WORK TASK:
Transcribe each line below verbatim; pictures excluded.

EXERCISE DATA below:

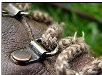
Les détails ont leur importance
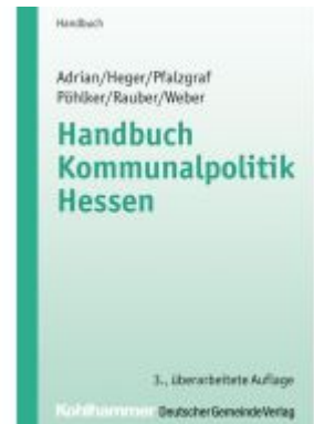
Handbuch Kommunalpolitik Hessen Ladenpreis: 29,90EUR
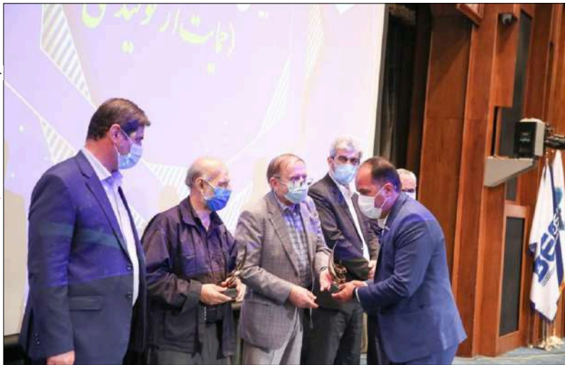
توسعه تولیدات صنعتی پلیمرسازان دلیجان

گروه کارخانجات صنعتی پلیمرسازان دلیجان تنها تولید کننده گرانول های مورد استفاده کارخانجات الیاف و نساجی ایران
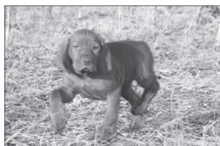
Amysko na skusoch.

V pelechu začalo byť živo, lebo šteniatka objavili čaro tackania a ich presuny nám často vyrážali dych. Ani sme sa nenazdali a dubáci behali, bolo ich treba prikrmovať a pelech sa stal malým a tak sme sa presťahovali do klubovne (bývalá sušiareň), kde v priestore 6 krát 7 m mali vytvorený ideálny priestor na šantenie. Klubovňa s mini barom sa
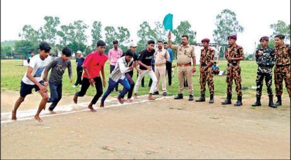
दौड़ प्रतियोगिता में दौड़ते बच्चे ।

अखंड हिंद फौज संगठन द्वारा प्रदेश में 12 से 17 वर्ष तक के
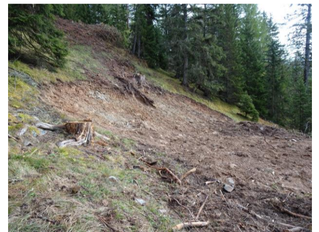
Terrain güsta sgraflà
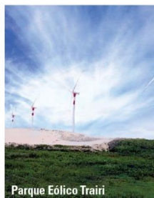
Parque Eólico Trairi
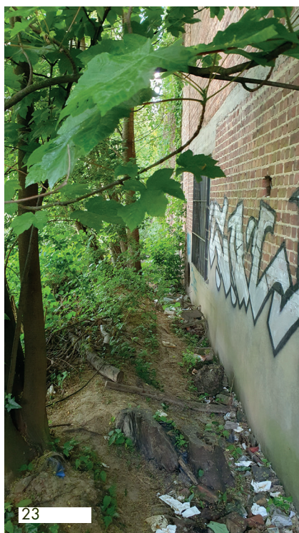
D&C : 06-05-25
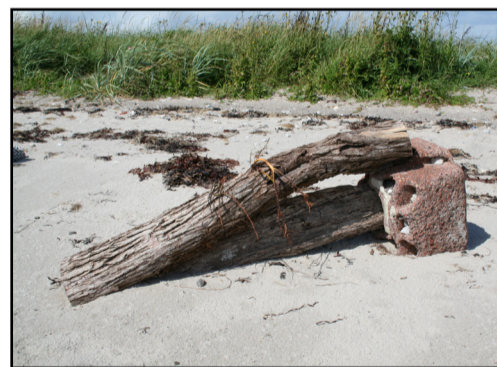
Strandkunst ved klinten

Ruten fortsætter mod Klinten, og nogle steder er stien god nok til at cykle på, andre steder må cyklen trækkes. Ved Klinten er infotavle nr. 10 placeret, og her drejer du til højre op ad græsstien. Ruten går tværs over Naturlejrpladsen og P-pladsen og kommer ud til Vesterby, som er en asfalteret vej, og her findes endnu en infotavle.
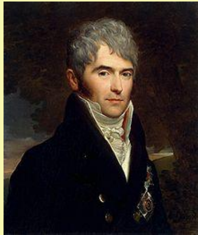
Виктор Павлович Кочубей
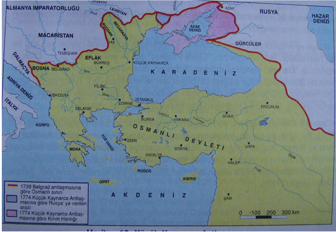
Harita 10: Küçük Kaynarca Antlaşması

Sonuç olarak haritaların ders kitaplarında sıklıkla kullanıldığı görülmektedir. Ancak haritaların belirli noktalarda eksiklikleri bulunmaktadır. Haritaların çoğu zaman görüntüleri net değildir. Ayrıca kimi zaman kullanıldığı yerler uygun değildir. Anlatılan konu ile bütünlük göstermemektedir. Bunun yanında renksiz olmaları, kimi zaman lejantlarının olmaması, belirli bir ölçeğe göre çizilmemeleri, yazıların okunmaması ve sınırların belirgin olmaması haritaların genel eksiklikleri arasında gösterilebilir. Son dönemlerde ise kullanılan haritalar öncesine göre epey yol almıştır. Özellikle 1980 sonrası ders kitaplarındaki haritalar amacına daha çok hizmet eder durumdadır.
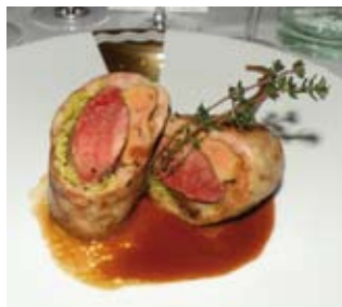
CÔTELETTE DE PIGEON FARCIE AU FOIE GRAS

Hôtel Belles Rives 33, boulevard Edouard Baudoin 06160 Juan-les-Pins Tél. (0)4 93 61 02 79 info@brj-hotels.com - http://www.bellesrives.com
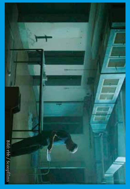
Dokumentarfilm »Honeckers unheimlicher Plan«
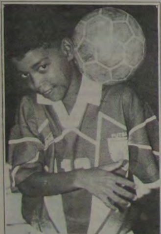
Canequinho, um dos melhores atletas desta temporada.

Na edição do dia 15 de dezembro, a Sportmídia divulgará o atleta vencedor da votação, que ganhará uma recordação inesquecível por sua atuação na temporada. Dê o seu voto, participe!
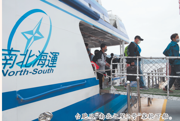
台胞从“南北之星2号”客轮下船。
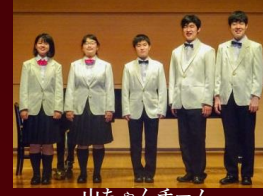
山ちゃんチーム 重唱部門
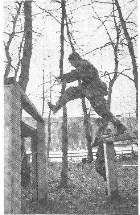
Auf der Kampfbahn im Brugger Schachen konnte die Kondition so richtig «angekurbelt» werden.

Die Brugger Genie-Unteroffiziersanwärter waren in den vorangegangenen vier Wochen Ausbildungszeit sorgfältig und umfassend auf ihre künftige Aufgabe hin als militärische Vorgesetzte ausgebildet und trainiert worden, so dass es nicht verwunderlich war, dass alle mit einer guten Moral an den Start der Schlussübung «Finale» gingen, die vom Instruktionspersonal des Waffenplatzes
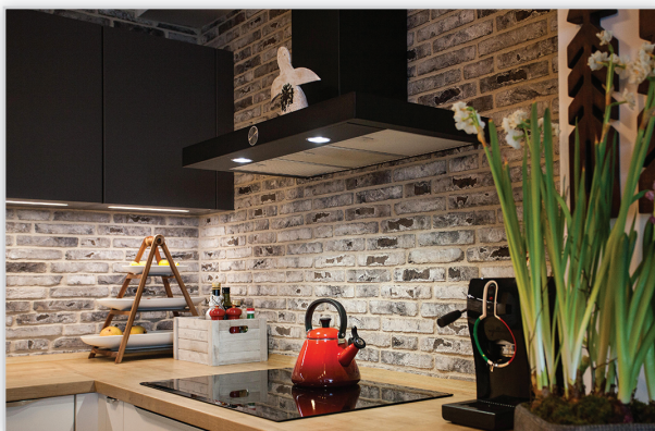
Cegły i płytki ręcznie formowane – 360 Rainbow Snowdust. Zastosowanie: elewacje wszelkiego rodzaju budynków, elementy dekoracyjne we wnętrzach, ogrodzenia i mała architektura.
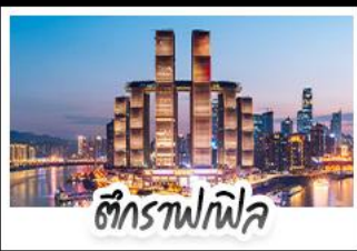
ตึกรางฟฟ้า
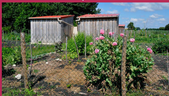
Les jardins familiaux au complet
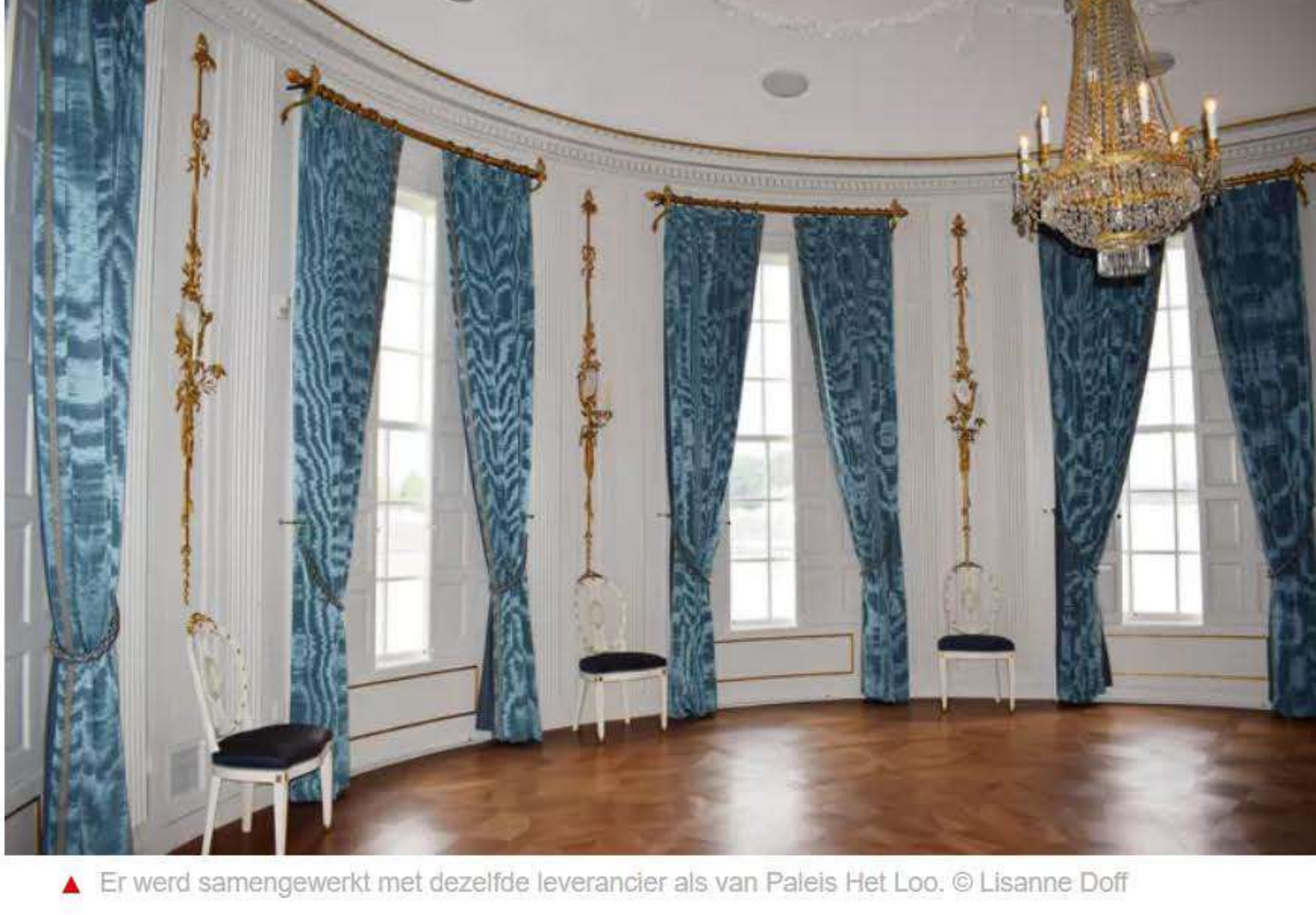
▲ Er werd samengewerkt met dezelfde leverancier als van Paleis Het Loo.

End of EXERCISE DATA.

WRITTEN ANSWER:
Les détails ont leur importance
Handbuch Kommunalpolitik Hessen Ladenpreis: 29,90EUR
توسعه تولیدات صنعتی پلیمرسازان دلیجان

گروه کارخانجات صنعتی پلیمرسازان دلیجان تنها تولید کننده گرانول های مورد استفاده کارخانجات الیاف و نساجی ایران
Amysko na skusoch.

V pelechu začalo byť živo, lebo šteniatka objavili čaro tackania a ich presuny nám často vyrážali dych. Ani sme sa nenazdali a dubáci behali, bolo ich treba prikrmovať a pelech sa stal malým a tak sme sa presťahovali do klubovne (bývalá sušiareň), kde v priestore 6 krát 7 m mali vytvorený ideálny priestor na šantenie. Klubovňa s mini barom sa
दौड़ प्रतियोगिता में दौड़ते बच्चे ।

अखंड हिंद फौज संगठन द्वारा प्रदेश में 12 से 17 वर्ष तक के
Terrain güsta sgraflà
Parque Eólico Trairi
D&C : 06-05-25
Strandkunst ved klinten

Ruten fortsætter mod Klinten, og nogle steder er stien god nok til at cykle på, andre steder må cyklen trækkes. Ved Klinten er infotavle nr. 10 placeret, og her drejer du til højre op ad græsstien. Ruten går tværs over Naturlejrpladsen og P-pladsen og kommer ud til Vesterby, som er en asfalteret vej, og her findes endnu en infotavle.
Виктор Павлович Кочубей
Harita 10: Küçük Kaynarca Antlaşması

Sonuç olarak haritaların ders kitaplarında sıklıkla kullanıldığı görülmektedir. Ancak haritaların belirli noktalarda eksiklikleri bulunmaktadır. Haritaların çoğu zaman görüntüleri net değildir. Ayrıca kimi zaman kullanıldığı yerler uygun değildir. Anlatılan konu ile bütünlük göstermemektedir. Bunun yanında renksiz olmaları, kimi zaman lejantlarının olmaması, belirli bir ölçeğe göre çizilmemeleri, yazıların okunmaması ve sınırların belirgin olmaması haritaların genel eksiklikleri arasında gösterilebilir. Son dönemlerde ise kullanılan haritalar öncesine göre epey yol almıştır. Özellikle 1980 sonrası ders kitaplarındaki haritalar amacına daha çok hizmet eder durumdadır.
CÔTELETTE DE PIGEON FARCIE AU FOIE GRAS

Hôtel Belles Rives 33, boulevard Edouard Baudoin 06160 Juan-les-Pins Tél. (0)4 93 61 02 79 info@brj-hotels.com - http://www.bellesrives.com
Dokumentarfilm »Honeckers unheimlicher Plan«
Canequinho, um dos melhores atletas desta temporada.

Na edição do dia 15 de dezembro, a Sportmídia divulgará o atleta vencedor da votação, que ganhará uma recordação inesquecível por sua atuação na temporada. Dê o seu voto, participe!
台胞从“南北之星2号”客轮下船。
山ちゃんチーム 重唱部門
Auf der Kampfbahn im Brugger Schachen konnte die Kondition so richtig «angekurbelt» werden.

Die Brugger Genie-Unteroffiziersanwärter waren in den vorangegangenen vier Wochen Ausbildungszeit sorgfältig und umfassend auf ihre künftige Aufgabe hin als militärische Vorgesetzte ausgebildet und trainiert worden, so dass es nicht verwunderlich war, dass alle mit einer guten Moral an den Start der Schlussübung «Finale» gingen, die vom Instruktionspersonal des Waffenplatzes
Cegły i płytki ręcznie formowane – 360 Rainbow Snowdust. Zastosowanie: elewacje wszelkiego rodzaju budynków, elementy dekoracyjne we wnętrzach, ogrodzenia i mała architektura.
ตึกรางฟฟ้า
Les jardins familiaux au complet
▲ Er werd samengewerkt met dezelfde leverancier als van Paleis Het Loo.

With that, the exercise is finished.